Найденов искоса наблюдал за профессором Вентурой. Нацепив на массивный с двумя буграми у ноздрей нос маленькие обрезанные сверху очки, профессор Вентура внимательно рассматривал атлас. Мысленно он уже путешествовал по желто-зеленому пространству.
Самолет трясло. Порывы ветра били в борта и, казалось, вот-вот завалят их старенький «ан» на бок. Профессор не отрывался от атласа. Майор же с опаской поглядывал в иллюминатор. Летели низко. Летчики словно боялись оторваться от расстилавшейся под ними саванны. Найденову вдруг захотелось, чтобы в двигателях возникла какая-нибудь неисправность, и вся эта груда металла спланировала вниз на заросли густого кустарника. Он представил себе, как томительно будут ожидать вертолет, как будет мучить жажда, но это все-таки лучше, чем неизвестность, поджидающая их впереди.
Голова Рубцова качалась из стороны в сторону. Он спал. За несколько дней в Луанде Найденов устал от общения с подполковником, теперь же их жизни сплелись еще плотнее. Что не особо радовало. Ничего хорошего от своего нового командира майор не ждал. К тому же угнетало чувство неловкости перед профессором.
Благодаря стараниям Аны и вранью майора, этот наивный, углубленный в себя и в изучение Королевства Овимбунду человек уверен, что принимает участие в научной экспедиции. Тут же вспомнились частые, быстрые, горячие поцелуи, которыми на прощанье Ана осыпала лицо и шею Найденова. Расставание распалило ее боязливо притушенную страсть и чувства, столь властно ею контролируемые.
Найденов без досады, с легким головокружением подумал тогда: «Зачем мучила столько времени и себя, и меня».
Почти напротив майора, нахохлившись, сидела медсестра Женя Хасанова. От тряски она едва не соскальзывала с жесткой скамейки транспортного самолета. Майор сочувственно улыбнулся ей. Вместо ответа Хасанова демонстративно закрыла глаза. Найденов уже слышал в миссии, что медсестра была любовницей генерала Панова, и с интересом задержал взгляд на ее лице.

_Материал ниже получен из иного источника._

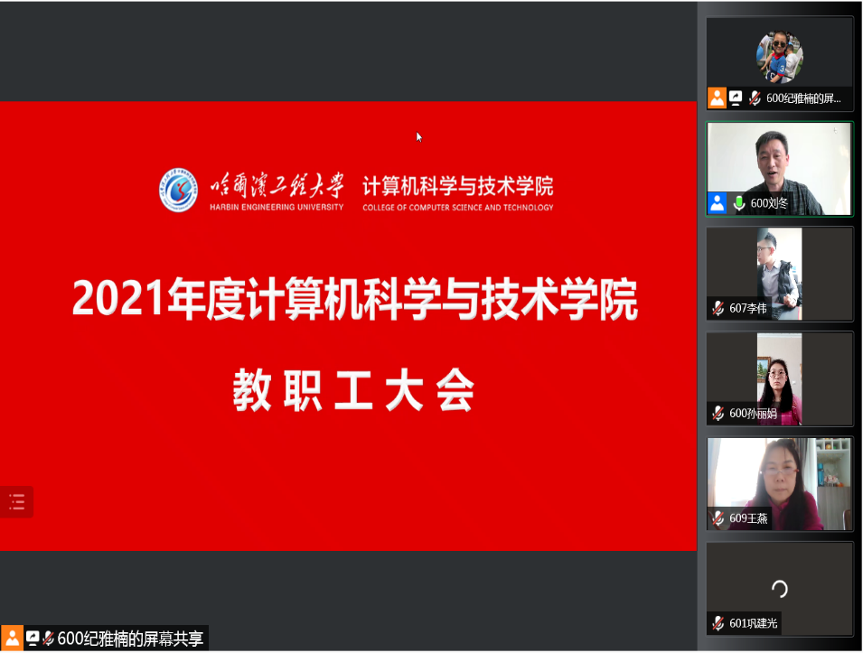 会议由学院党委书记刘冬同志主持召开,太阳集团tyc4633院长蔡成涛,党委副书记刘正,副院长董宇欣、田凯、冯光升、王巍及全体教职工(包括合同二类、科研岗)参加会议,根据线上会议统计显示学院共有143位教工线上参会,占应参加会议职工总数的93.46%。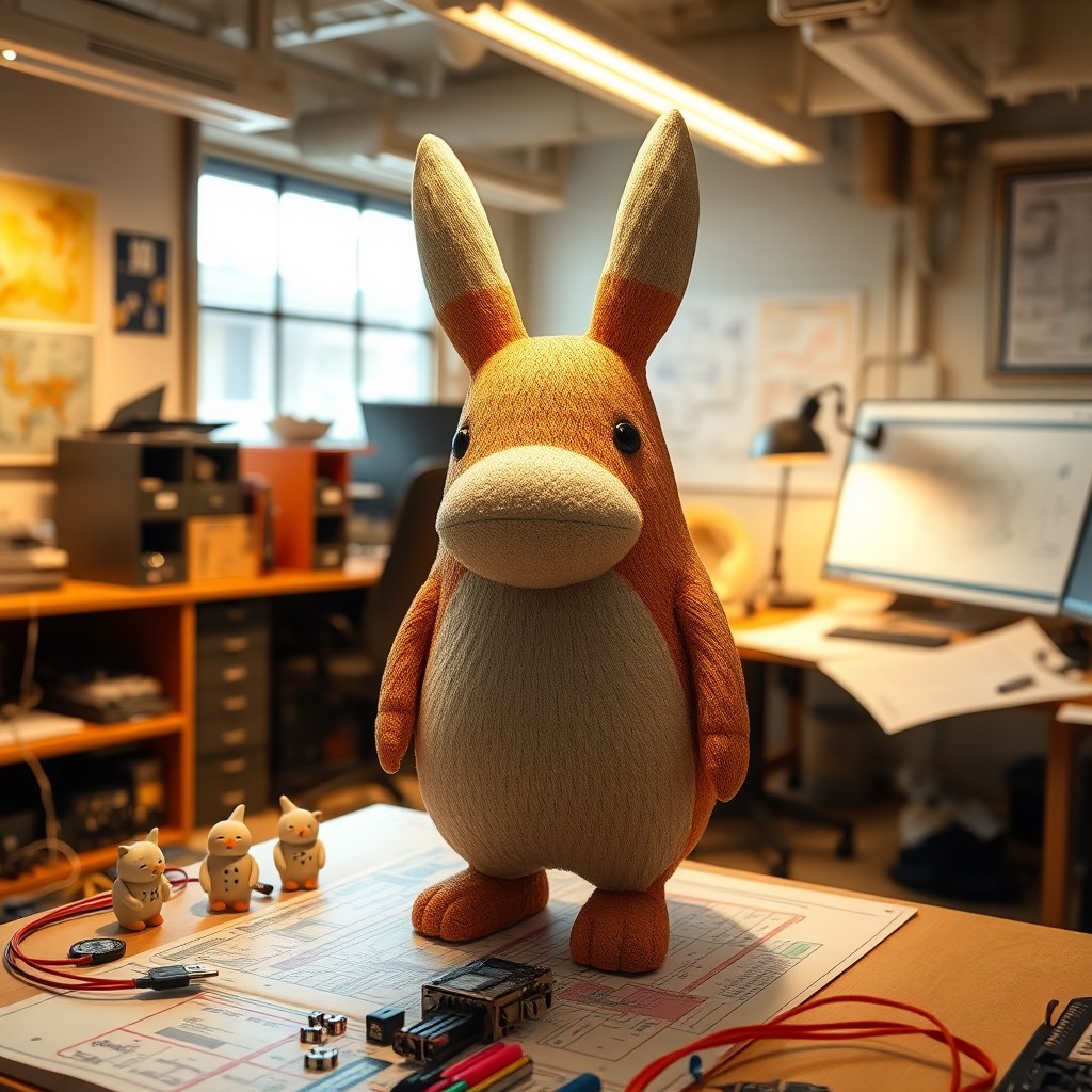 moomin, artistic, masterpiece, design space, office, electronics, circuit, eight moomins, very detailed, abstract objects, well organized space, warm lighting, vibrant colors, blueprint, discussion, design plans, technical drawings, positive vibe,

Восточная красота девушки притягивала мягким овалом подбородка и маленького носа с нежными лепестками тонких, почти прозрачных ноздрей. Ее резко очерченные ненакрашенные губы легкой коричневатостью рельефно контрастировали с абрикосовой томностью кожи, меняющей розовую размытость у рта на насыщенную охру округлых скул. Непонятным образом это лицо напоминало ему другое, совсем непохожее, но родственное этому своей чистотой, спокойствием и недоступностью.
Лицо Аны. Найденов представил, как толстые короткие пальцы Панова сладострастно касаются губ молоденькой медсестры, как жадно и властно он кусает ее тонкую с голубой прожилкой шею, как прижимает ее точеную восточную головку к своему обрюзгшему потному телу... Какое коварство таит в себе женская красота...
Также, как сейчас медсестрой, Найденов любовался Аной и не мог представить искаженными ее наивно-девственные губы, зажмуренные в экстазе глаза, свалянные, прилипшие ко лбу волосы. А ведь она хранит в себе такие же дремучие тайны, как и сидящая напротив Женька.
«Поклонение женщине исчезло, как и поклонение красоте. Сегодня всех больше устраивает красивость. А красивость — всегда обман». Раньше подобные мысли никогда не посещали майора, и он удивился такому повороту в самом себе.
Самолет в очередной раз тряхнуло, еще раз наклонило, и он как-то нехотя побежал по бетонной полосе. В иллюминаторе появилось грязно-белое строение из плоско лежащих бетонных плит, на крыше которого развевался флаг республики. Рядом на ящиках сидели люди в военной пятнистой форме. Пили пиво.
Над их головами волнами надувался брезентовый тент. К самолету подкатил «газик».